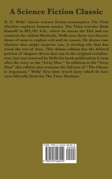 H. G. Wells¿ classic science fiction masterpiece The Time Machine explores human nature. The Time Traveler finds himself in 802,701 A.D., where he meets the peaceful Eloi and encounters the violent Morlocks. Wells uses these two descendants of man to explore evil and its causes, drawing conclusion that might surprise you in this riveting tale that has stood the test of time. This deluxe edition has the deleted portion of chapter eleven that ran in the original serialization, but was removed for book publication.
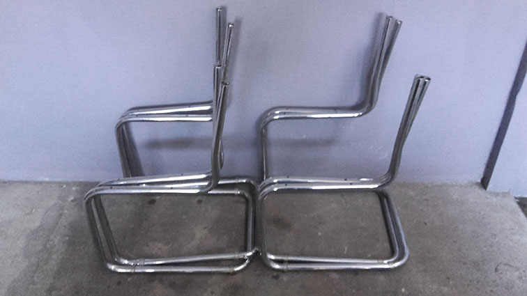 Uno de estos días acompañamos a dos arquitectos en la restauración de un juego de sillas que conservan desde principios de los 80, las adquirieron en una tienda cuyo nombre ya no recuerdan. Las sillas están hechas de madera, acero cromado y un tejido de fibra sintética que hace las veces de asiento y respaldo, pero lo curioso es que solo tienen dos patas. Leíste bien. DOS PATAS.
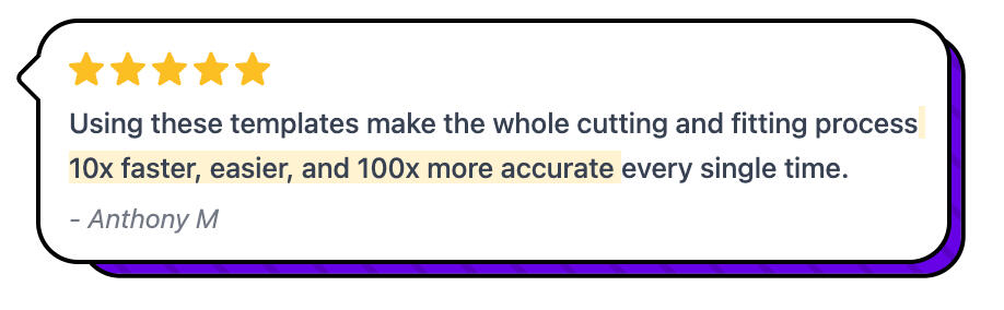 Just look up the length you need and place the templates where it tells you. Perfect CAD-level fitment every time—zero guesswork required.($55 Value)
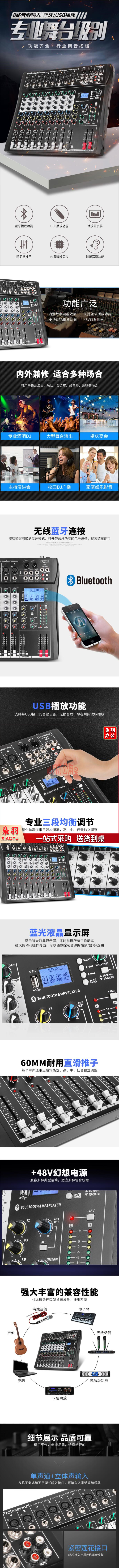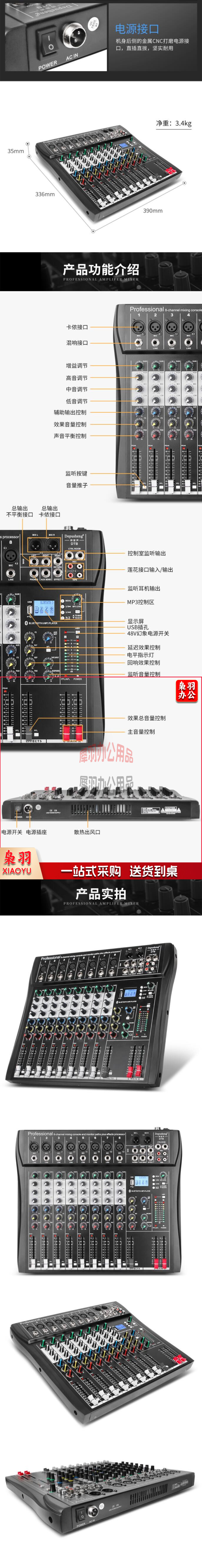 得普声(depusheng) DT8 专业8路调音台舞台演出带混响蓝牙MP3播放多路控制户外带效果均衡
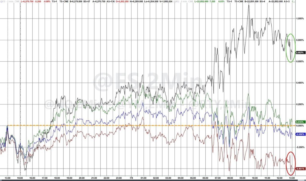 美股盤前,據央視新聞報道,當地時間 7 月 7 日美國總統特朗普簽署行政命令,將關税暫緩期截止日期從 7 月 9 日推遲到 8 月 1 日。報道稱,特朗普表示如果有國家提出了不同的方案,他會對其他想法持開放態度。美股三大指數開盤漲跌不一,道指跌 0.1%,納指漲 0.3%。

═══

• [INSTRUCTIONS FOR THE TASK]:
Please reproduce nothing but the lines from the one containing "Just look up" through the closing line of the listing, retyped word for word, pictures excluded.

• [ANSWER BOX]:
 Just look up the length you need and place the templates where it tells you. Perfect CAD-level fitment every time—zero guesswork required.($55 Value)
 得普声(depusheng) DT8 专业8路调音台舞台演出带混响蓝牙MP3播放多路控制户外带效果均衡
 美股盤前,據央視新聞報道,當地時間 7 月 7 日美國總統特朗普簽署行政命令,將關税暫緩期截止日期從 7 月 9 日推遲到 8 月 1 日。報道稱,特朗普表示如果有國家提出了不同的方案,他會對其他想法持開放態度。美股三大指數開盤漲跌不一,道指跌 0.1%,納指漲 0.3%。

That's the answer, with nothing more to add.